Sabre-Tooth
- Hardcover first edition, 1966, Souvenir Press, featuring Jim Holdaway's original cover art.
- Author: Peter O'Donnell
- Language: English
- Series: Modesty Blaise
- Genre: Spy fiction
- Publisher: Souvenir Press
- Publication date: 1966
- Publication place: United Kingdom
- Media type: Print (hardback and paperback)
- ISBN: 0-89296-092-2
- Preceded by: Modesty Blaise
- Followed by: I, Lucifer

= Sabre-Tooth =

1966 novel by Peter O'Donnell

Sabre-Tooth is a 1966 action-adventure novel by English writer Peter O'Donnell, featuring the character Modesty Blaise which O'Donnell had created for the comic strip of the title. It was published by Souvenir Press in the United Kingdom and Doubleday in the United States. It was the second novel to feature the character, though technically it was the first original novel as the preceding volume was a novelisation of a movie screenplay.
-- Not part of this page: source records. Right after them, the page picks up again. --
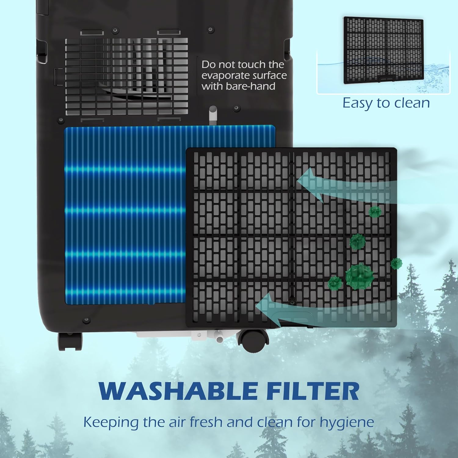 Energy-Saving Features: The air conditioner offers sleep mode, a 24-hour programmable timer, and a washable filter for continuous fresh air. Its self-evaporating system eliminates manual water removal.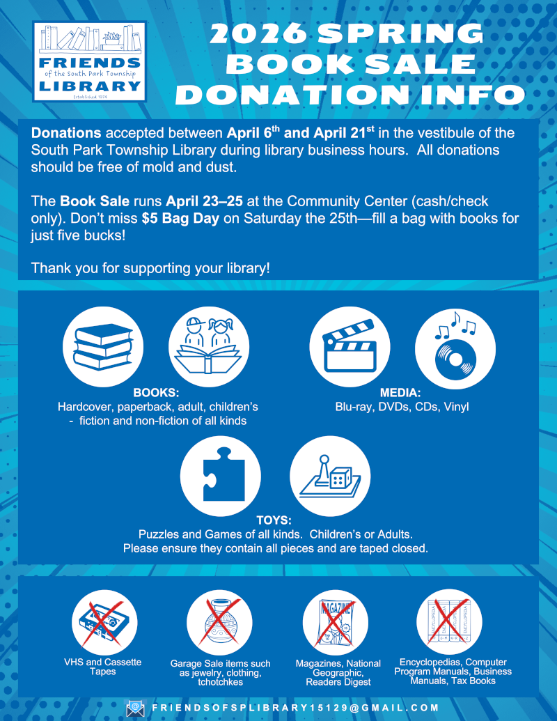© 2026 South Park Township Library, 2575 Brownsville Road, South Park, PA 15129 | 412-833-5585 | southpark@einetwork.net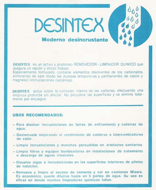 Desincrustantes: Diversos tipos de desincrustantes calcáreos, muy útiles para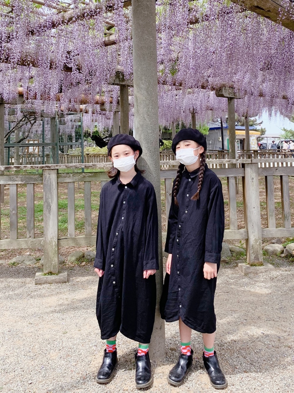 ひよ。こは。のシャツワンピース「コクーンシャツワンピース【親子でおそろいリンクコーデ】」を使ったコーディネート

This story introduces the American millionaire John Dall, who reappears in many of the following books.

==Plot summary==
Karz is a military leader who has never known defeat. The huge Mongol is now assembling and training a large and well-equipped army of mercenaries in a hidden valley in the Hindu Kush Mountains bordering on Afghanistan. His objective: The invasion and occupation of oil-rich Kuwait.
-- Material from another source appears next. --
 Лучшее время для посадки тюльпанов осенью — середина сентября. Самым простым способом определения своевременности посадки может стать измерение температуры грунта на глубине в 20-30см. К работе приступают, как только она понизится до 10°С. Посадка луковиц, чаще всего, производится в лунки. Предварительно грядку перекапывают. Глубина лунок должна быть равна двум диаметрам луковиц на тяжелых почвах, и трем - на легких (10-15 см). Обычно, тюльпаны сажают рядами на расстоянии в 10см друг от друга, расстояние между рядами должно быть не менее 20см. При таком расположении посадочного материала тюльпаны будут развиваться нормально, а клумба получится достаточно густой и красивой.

Karz does have one problem though; he lacks a couple of top lieutenants to command two sections of his growing army. His choice falls on Modesty Blaise and Willie Garvin, even though he knows they are not for hire.

Meanwhile, Sir Gerald Tarrant, who runs a secret service organisation under the British government, has noticed that many mercenaries are being recruited by some unknown employer and disappearing. This worries Sir Gerald, and he asks Modesty and Willie to investigate. So while Modesty and Willie are looking for Karz (without knowing who they're looking for), Karz has Lucille (a child dear to Modesty and Willie) kidnapped, and commands Modesty and Willie to report for duty.

There is no possible way that Modesty and Willie can both save Lucille and sabotage the invasion of Kuwait. Modesty plays a long shot and is forced to fight the fearsome Twins, two men joined at the shoulders, a four-legged four-armed fighting animal impossible to defeat. And even if she survives that fight, how will Modesty escape from the isolated valley so far from civilisation?